Even though Cuba’s energy usage was only one-fifth of what New York required, it was the idea behind it that people were celebrating.

It made every "Green New Deal" sound like a toddler’s science fair project. It exposed just how bloated and inefficient the U.S. power grid had become—how every blackout and inflated utility bill back home was no longer inevitable, but inexcusable.

But that was exactly the problem. Edward had created something too pure, too undeniable.

The oil giants couldn’t market their way out of it. The think tanks couldn’t spin it fast enough.

This wasn’t theory—it was execution. Clean energy, live on screen, powering over 11 million people with excess capacity to spare.

The publicity created a kind of first line of defense for the country. Without it, there would’ve already been silent efforts to wipe us out.

The idea alone threatened trillions in fossil fuel infrastructure, decades of lobbying, and the very shape of global trade routes.

If Cuba started exporting the tech—or worse, giving it away...

We could expect immediate retaliation.

Even now, traditional U.S. media was spinning the story, claiming it was fake news.

How long could they keep that up? I didn’t know.

If I’m being honest, I was tired of these greedy people. I wanted to wipe them all out. It would be better to destroy the old system completely and build a new one—with Edward at the top.

But seeing that Edward hadn’t given up on them... I decided to let it go, for now.

We never told the world that Edward was the architect behind the power plant and the solar blimps. But in Cuba, almost everyone knew. That’s why he was the one chosen to pull the lever.

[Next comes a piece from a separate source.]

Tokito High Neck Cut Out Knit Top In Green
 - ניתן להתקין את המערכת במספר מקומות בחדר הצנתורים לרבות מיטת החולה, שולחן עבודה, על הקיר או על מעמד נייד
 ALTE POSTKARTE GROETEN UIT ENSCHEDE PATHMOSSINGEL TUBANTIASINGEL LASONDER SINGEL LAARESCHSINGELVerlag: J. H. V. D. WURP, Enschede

I snuck out of the ceremony once it was over.

Later, Sado came by to talk in my room.

"Are you sure about greenlighting that?" he asked.

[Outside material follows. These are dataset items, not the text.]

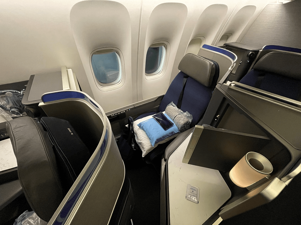 The 777 has the best Polaris seats, in my opinion, because they’re slightly wider than those on the 787 or 767. That being said, I think the 767 has the most fun layout with its unique 1-1-1 configuration. I’ve actually only ever flown Polaris internationally on 767s, and I’d never flown in Polaris (seating) on a United 777-300ER before. I have flown 777s domestically, both on premium transcontinental and on regular flights.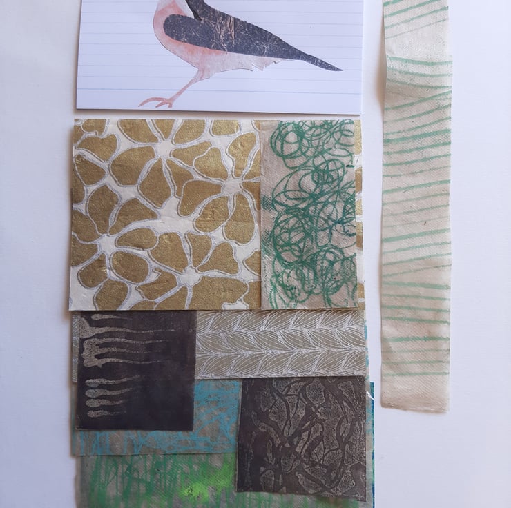 A small collection of handprinted papers left over from my collaged artwork 'The Visitors' and a few other choice pieces from my stash. Index cards for you to assemble your collage on. Just add glue and scissors!
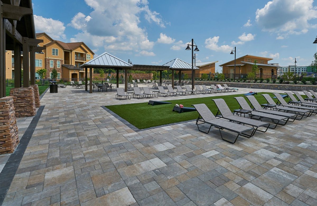 The project’s goal was to provide a focal point for residents to relax with their friends and families. Families could either play games in the green space, take in a local band, have a glass of wine near the fireplace, or enjoy the pool, splash pad, and zero-entry wading pool.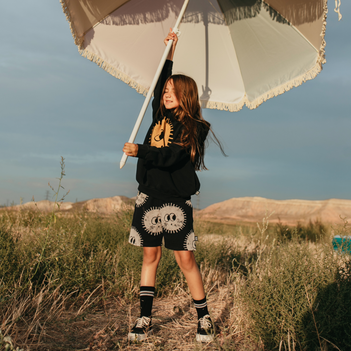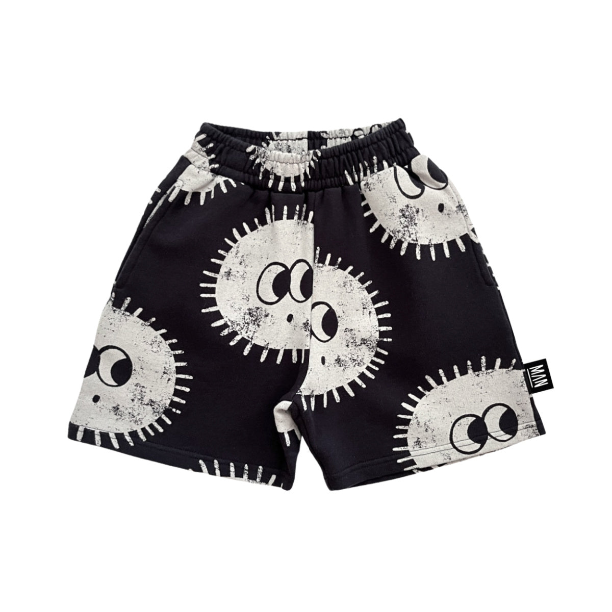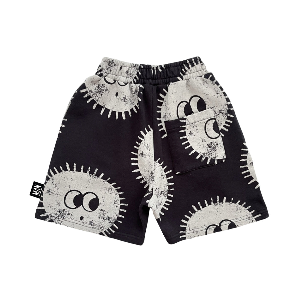 These rad board shorts feature a soft, comfortable relaxed fit, elastic waistband, side and back pockets. The unique all over sun print features a fun face on a black base.

"What? I’m the Master for the day, aren’t I? I think I can do that," I replied mischievously.

He sighed. "But that’s the story of his mother. And now the country wants to turn it into a movie."

"Speaking of movies, what about the documentary? What’s the first-day box office?" I asked, changing the subject.

"Only 50 million. Though it might earn more over the weekend," Sado said.

Just before dawn, we received a signal from Edward. It led us to the house where his mother used to live.

It had been burned to the ground during Miranda’s failed revolution two years ago.

But now, a new building had taken root on the same soil. There wasn’t a single trace of Carmen’s family mansion left—no resemblance at all.

When I asked Edward about it, he smiled and said, "Rather than recovering from the nightmare, I built the house my mother always dreamed of. I’m thinking of bringing her back to visit someday, so I need to create this place for her."

His behaviour always made me confused. Why did a god like himself try to cater to these simple beings?

The country, his family, his hobbies, were all puzzling but intriguing to watch. I would continue to watch him. And as long as he’s still around, maybe I would understand why he’s doing all of this.